Bersama-sama, kami menyaksikan Vashelle pergi. Dia berbalik beberapa kali untuk melambai pada kami dan, setiap kali, Tigerson berteriak selamat tinggal. Setelah Vashelle benar-benar keluar pandangan, Tigerson menoleh padaku.

<Noir, aku harus berterima kasih. Kunjungi aku di masa depan agar aku dapat membayarmu dengan benar.>

“Tidak, tidak, kamu tidak berhutang apapun padaku. Tapi apa yang akan kamu lakukan sekarang? ”

< Aku akan kembali ke lantai lima. Aku… telah melupakan sesuatu di sana. >

"Oh, baiklah, oke."

<Selamat tinggal,> katanya dan kembali ke dungeon.

Ada sesuatu yang memilukan melihat dia baru saja bangun dan kembali. Aku mulai bertanya-tanya apakah dia mengatakan yang sebenarnya tentang melupakan sesuatu. Itu sangat mungkin bahwa dia hanya memasang wajah pemberani.

Aku berdiri di sana selama hampir satu jam, mencoba memikirkan apakah aku harus mengikutinya. Akhirnya, aku kembali ke dalam dan menggunakan skill Dungeon Elevator ku untuk langsung naik ke lantai lima. Dengan hati-hati aku berjalan menyusuri aula besar, waspada akan semut raksasa.

Aku ternyata tidak perlu mengkhawatirkan apapun.

“Sialan, apakah ini semua ulah Tigerson?”

Lantai ini dipenuhi dengan mayat monster. Aku terus berjalan, berhati-hati agar tidak tersandung apapun dari mereka.

Saat aku berjalan, aku mendengar rintihan.
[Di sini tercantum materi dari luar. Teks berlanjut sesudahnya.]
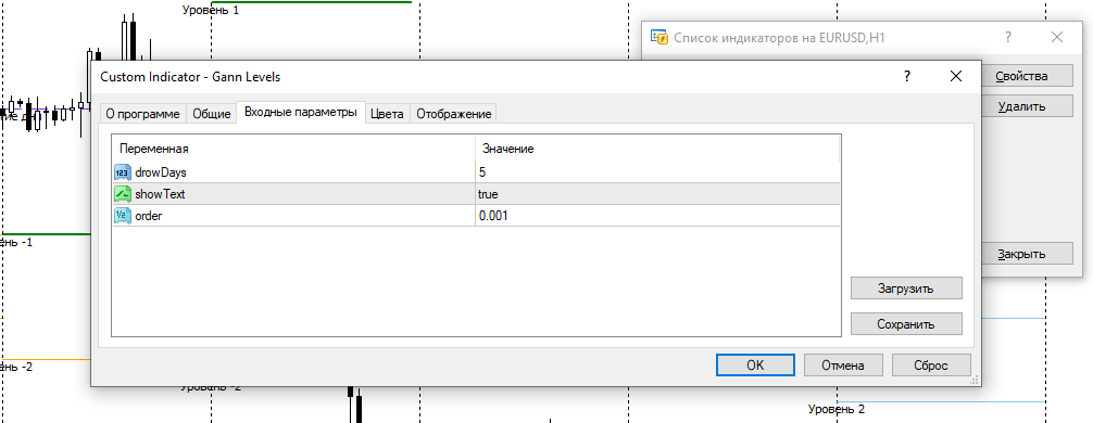 - order – этот параметр влияет на расстояние между горизонтальными линиями. Значение по умолчанию – 0,001, при его уменьшении уровни сужаются, при увеличении – расширяются.
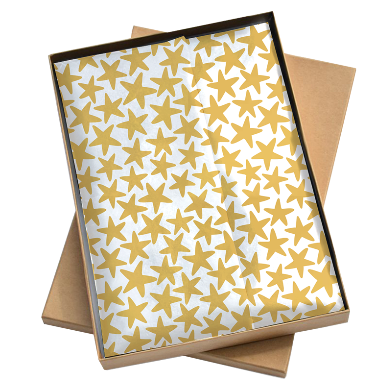 Pak eindeloos in door te spelen met diverse producten die bij het Stars white/gold dessin passen. Dit zijde vloeipapier wordt gedrukt op hoogwaardig vloeipapier.
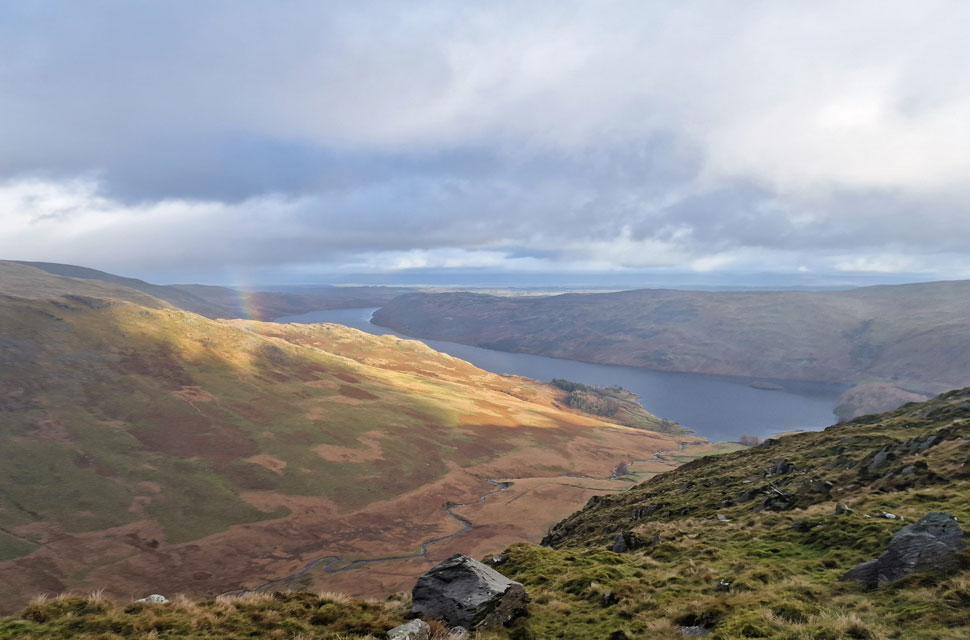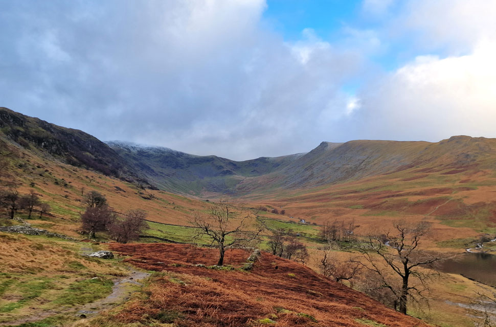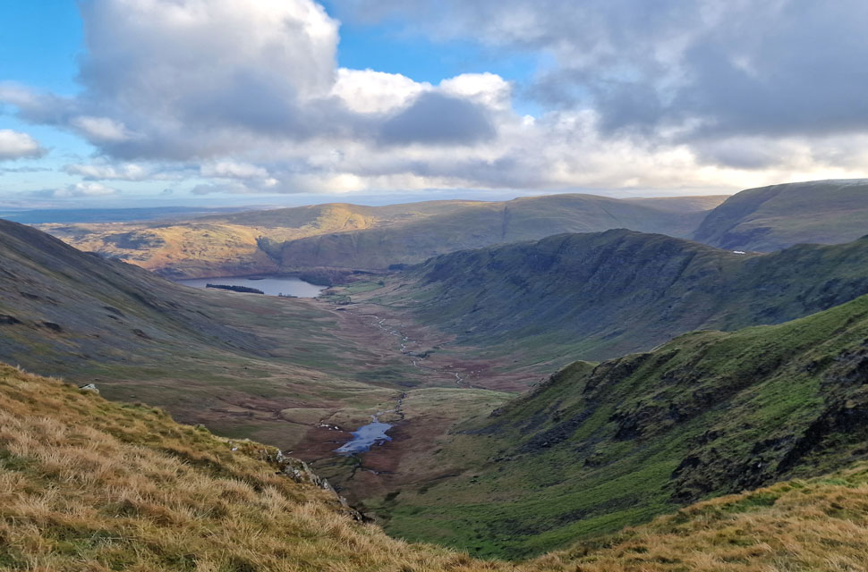 Stunning views into Riggindale with High Street seen left and Kidsty Pike seen right. |

Aku berjingkat ke arahnya, gugup menemui sumbernya, sampai aku berhenti di jalurku. Tigerson menghadap salah satu dinding, melolong ke langit-langit.

Tidak… dia tidak melolong. Dia menangis.

Aku berjalan di belakangnya dan menyentuh punggungnya. Bulunya lembut dan tebal.

<Apakah itu kamu, Noir?>

“Tigerson… Kamu benar-benar merindukan Vashelle, bukan?”

<Aku tahu suatu hari kami akan berpisah, tapi itu semua terjadi begitu cepat, aku… aku sangat lemah.>

“Kamu tidak lemah. Siapapun pasti sedih. Kamu tahu apa? Jika kamu memiliki aku, aku akan senang menjadi temanmu juga. Bukan untuk menggantikan Vashelle, tapi mungkin itu akan membuatmu merasa lebih baik dan tidak menjadi sendirian."

<Kamu ingin berteman… denganku?>

"Ya. Hanya jika kamu mau, tentu saja. ”

Tigerson terdiam beberapa saat dan kemudian berbalik ke arahku. Dia menatap mataku.

< Tidak ada… tidak ada yang menarik menjadi temanku.>

“Kamu bilang kamu ingin membalasku, kan? Nah, itu akan baik-baik saja. ”

<Oh… begitu. Maka mulai hari ini dan seterusnya, kamu adalah temanku, Noir. Naik ke punggungku.>

Tigerson berlutut dan aku menaikinya. Pemandangannya sangat fantastis. <Suasana hatiku sedang bagus. Pegangan, aku berniat untuk lari.>


"Mengerti! Ayo pergi!"

Tigerson berlari melalui dungeon saat aku berpegangan erat, menikmati surainya yang mewah. Benar-benar terasa luar biasa.